Records to use —
··········
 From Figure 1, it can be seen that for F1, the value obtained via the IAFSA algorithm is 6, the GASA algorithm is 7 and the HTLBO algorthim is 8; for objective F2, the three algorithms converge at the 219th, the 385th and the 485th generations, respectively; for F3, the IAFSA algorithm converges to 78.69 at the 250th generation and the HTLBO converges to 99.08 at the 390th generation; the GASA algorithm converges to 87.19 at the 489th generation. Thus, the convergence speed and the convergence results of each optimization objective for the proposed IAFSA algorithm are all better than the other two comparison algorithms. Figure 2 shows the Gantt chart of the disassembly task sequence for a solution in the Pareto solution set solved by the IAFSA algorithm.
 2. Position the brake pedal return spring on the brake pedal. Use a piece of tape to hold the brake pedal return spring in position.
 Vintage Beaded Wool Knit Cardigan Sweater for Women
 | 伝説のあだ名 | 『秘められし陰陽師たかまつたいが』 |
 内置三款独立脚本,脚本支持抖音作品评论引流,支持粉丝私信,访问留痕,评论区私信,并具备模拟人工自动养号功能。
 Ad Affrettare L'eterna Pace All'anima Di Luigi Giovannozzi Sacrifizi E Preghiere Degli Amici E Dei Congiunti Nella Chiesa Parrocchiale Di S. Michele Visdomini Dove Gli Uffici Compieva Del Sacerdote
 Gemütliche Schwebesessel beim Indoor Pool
··········
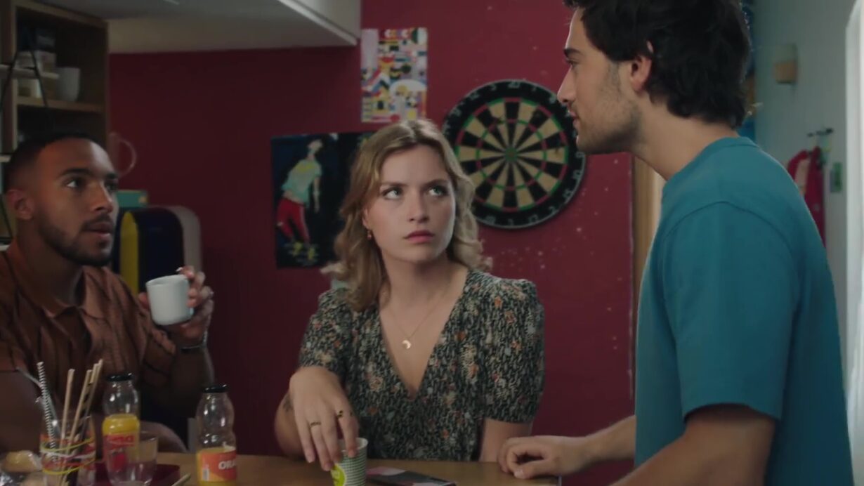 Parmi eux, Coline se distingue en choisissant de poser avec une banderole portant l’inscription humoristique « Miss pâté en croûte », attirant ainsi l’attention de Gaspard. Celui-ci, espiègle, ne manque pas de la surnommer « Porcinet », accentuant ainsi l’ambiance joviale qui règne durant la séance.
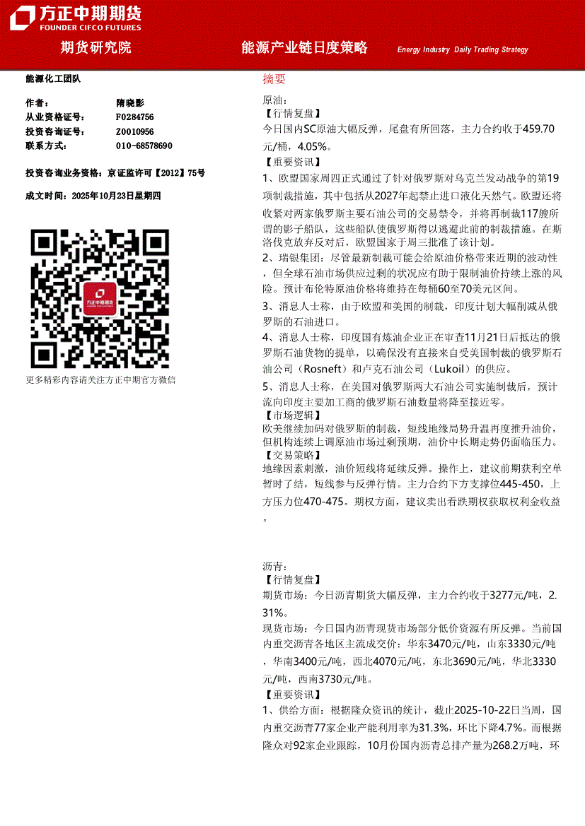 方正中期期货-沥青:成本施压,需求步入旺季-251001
··········
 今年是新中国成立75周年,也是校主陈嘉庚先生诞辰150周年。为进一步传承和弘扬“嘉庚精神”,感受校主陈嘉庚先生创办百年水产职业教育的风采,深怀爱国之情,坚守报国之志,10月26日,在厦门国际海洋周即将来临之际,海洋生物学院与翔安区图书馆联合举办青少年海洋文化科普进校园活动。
··········
Task goal —
Your answer should consist only of the lines above between the line holding "内置三款独立脚本,脚本支持抖" and the line holding "Gemütliche Schwebesessel beim Indoor Pool", inclusive, each transcribed exactly.

Your solution —
 内置三款独立脚本,脚本支持抖音作品评论引流,支持粉丝私信,访问留痕,评论区私信,并具备模拟人工自动养号功能。
 Ad Affrettare L'eterna Pace All'anima Di Luigi Giovannozzi Sacrifizi E Preghiere Degli Amici E Dei Congiunti Nella Chiesa Parrocchiale Di S. Michele Visdomini Dove Gli Uffici Compieva Del Sacerdote
 Gemütliche Schwebesessel beim Indoor Pool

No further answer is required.